INFO HikariPool-1 - Start completed. Pool size: 20, Idle connections: 10
INFO Hibernate: create table forge_products (
id bigint not null auto_increment,
name varchar(100) not null,
price decimal(12,2) not null,
category_id bigint,
created_at datetime(6) not null,
updated_at datetime(6) not null,
primary key (id)
) engine=InnoDB
INFO Hibernate: create index idx_product_name on forge_products (name)
INFO Hibernate: create index idx_product_category on forge_products (category_id)
- @Entity maps a Java class to a MySQL table — field names become column names by default, @Column overrides naming and adds constraints
- JpaRepository gives you
save(), findById(), findAll(), deleteById() and pagination for free — Spring Data generates the implementation at startup via reflection - Method-name-derived queries (findByNameContainingIgnoreCase) are parsed and validated at startup — if the field name does not exist on the entity, the application will not start
- @Query with JPQL operates on entity class names and field names, not table and column names — it is database-agnostic but Hibernate still validates it at startup
- The Persistence Context (first-level cache) tracks managed entities — every entity you load or save within a @Transactional method is tracked, and changes are flushed automatically at commit via dirty checking
- @Modifying is required for UPDATE and DELETE queries — without it, Hibernate refuses to execute the mutation and throws an exception at runtime
Common Mistakes and How to Avoid Them
The two most damaging mistakes with Spring Boot JPA are both invisible during development and only reveal themselves under production load. The first is the N+1 Select Problem — the application makes one query to fetch a list of parent entities and then N additional queries to fetch the associated child entities for each parent. With 10 records in your development database, this executes 11 queries and is unnoticeable. With 500 records in production, it executes 501 queries and the endpoint takes 8 seconds instead of 50 milliseconds.

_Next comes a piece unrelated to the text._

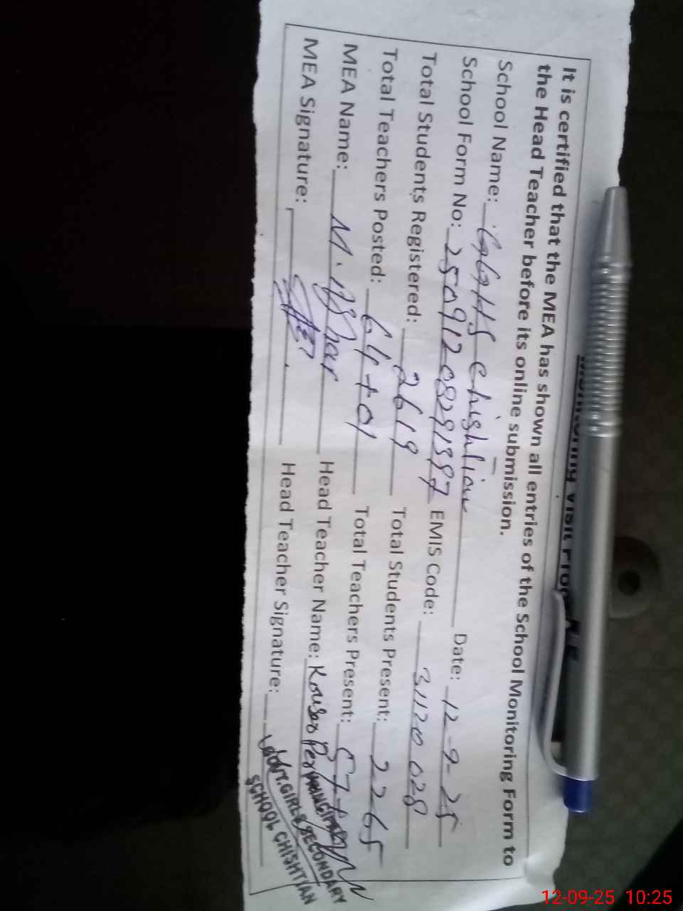 | Attendance Register | Head Teacher | MEA with School | Visit Proof |

The second is OSIV (Open Session in View) left at its default value of true. During development, this feels like a feature — you can access lazy-loaded associations anywhere in your code without worrying about transaction boundaries. In production, it means every HTTP request holds a database connection from the moment it enters the DispatcherServlet until the moment the HTTP response bytes are flushed to the client. With a pool of 20 connections and serialization taking 500ms per request, your effective throughput ceiling is 20 / 0.5 = 40 requests per second regardless of how fast your SQL executes.
Below is the full production application.properties configuration. Every setting is here for a reason — the comments explain the non-obvious ones.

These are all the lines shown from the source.